» EXERCISE INPUTS
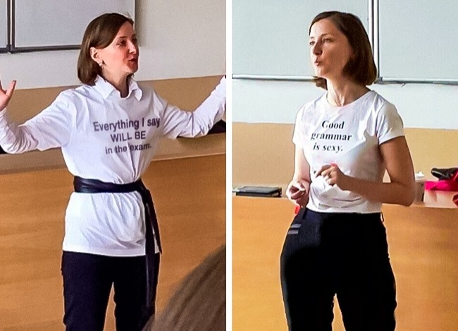« Tout ce que je dis sera nécessaire pour l’examen » (à gauche) « La bonne grammaire est sexy » (à droite)
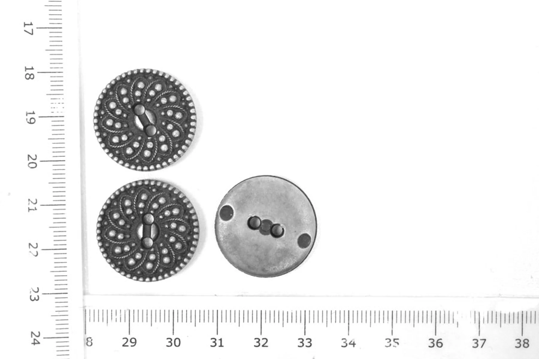 Пуговица металлическая темно-серебряная с узором 22 мм WW2 18122414
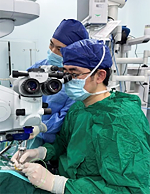 “我们在眼球壁上打三个‘小孔’,将照明、切割与灌注三个精密手术器械通过小孔直达眼球内部,同时在手术显微镜下,联合视网膜镊、视网膜激光进行切除玻璃体、积血;剥离视网膜前膜、增殖膜、机化膜;封闭视网膜裂孔等操作,完成视网膜脱离、糖尿病视网膜病变、黄斑前膜、黄斑裂孔等常见眼底疾病的手术治疗。”毛剑波说,黄斑疾病手术,仅能在眼内几个微米级别的范围下进行操作,手术难度可想而知。
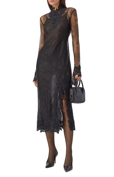 Драпированное платье на подкладе выполнили из эластичного нейлонового тюля с цветочным принтом. Облегающая модель с фигурным декольте застегивается потайной молнией сзади.
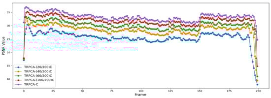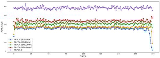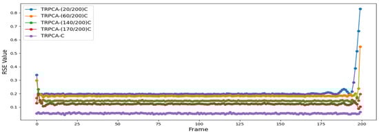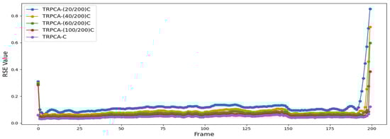 Similarly, Figure 4 shows the relative squared error (RSE) values for TRPCA algorithms (TRPCA-(20/200)C, TRPCA-(40/200)C, TRPCA-(60/200)C, and TRPCA-(100/200)C), and the classical TRPCA algorithm (TRPCA-C) across various frames. Upon examining this figure, we notice that for most frames, the RSE values are relatively close across different algorithms, further supporting the notion of consistent recovery quality. Once again, in some specific frames, TRPCA-(20/200)C and TRPCA-(40/200)C display slightly lower RSE values than TRPAC-C and TRPCA-(100/200)C, reinforcing the trend observed in the PSNR analysis.
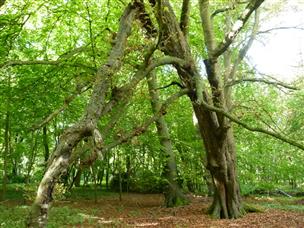Situated over mostly level chalky flint loamy soil, this magnificent woodland is host to a wide variety of tree species – the upper canopy includes beech, oak, ash, horse chestnut, sycamore, cherry, yew, Scots pine and cedar. Within the shrub layer below, alder, linden, rowan, holly, hazel coppice, field maple and hawthorn can be found.

» AIM OF THE TASK
Restate all entries exactly; pictures stay out.

» OUTPUT FOR THIS EXERCISE
« Tout ce que je dis sera nécessaire pour l’examen » (à gauche) « La bonne grammaire est sexy » (à droite)
 Пуговица металлическая темно-серебряная с узором 22 мм WW2 18122414
 “我们在眼球壁上打三个‘小孔’,将照明、切割与灌注三个精密手术器械通过小孔直达眼球内部,同时在手术显微镜下,联合视网膜镊、视网膜激光进行切除玻璃体、积血;剥离视网膜前膜、增殖膜、机化膜;封闭视网膜裂孔等操作,完成视网膜脱离、糖尿病视网膜病变、黄斑前膜、黄斑裂孔等常见眼底疾病的手术治疗。”毛剑波说,黄斑疾病手术,仅能在眼内几个微米级别的范围下进行操作,手术难度可想而知。
 Драпированное платье на подкладе выполнили из эластичного нейлонового тюля с цветочным принтом. Облегающая модель с фигурным декольте застегивается потайной молнией сзади.
 Similarly, Figure 4 shows the relative squared error (RSE) values for TRPCA algorithms (TRPCA-(20/200)C, TRPCA-(40/200)C, TRPCA-(60/200)C, and TRPCA-(100/200)C), and the classical TRPCA algorithm (TRPCA-C) across various frames. Upon examining this figure, we notice that for most frames, the RSE values are relatively close across different algorithms, further supporting the notion of consistent recovery quality. Once again, in some specific frames, TRPCA-(20/200)C and TRPCA-(40/200)C display slightly lower RSE values than TRPAC-C and TRPCA-(100/200)C, reinforcing the trend observed in the PSNR analysis.
Situated over mostly level chalky flint loamy soil, this magnificent woodland is host to a wide variety of tree species – the upper canopy includes beech, oak, ash, horse chestnut, sycamore, cherry, yew, Scots pine and cedar. Within the shrub layer below, alder, linden, rowan, holly, hazel coppice, field maple and hawthorn can be found.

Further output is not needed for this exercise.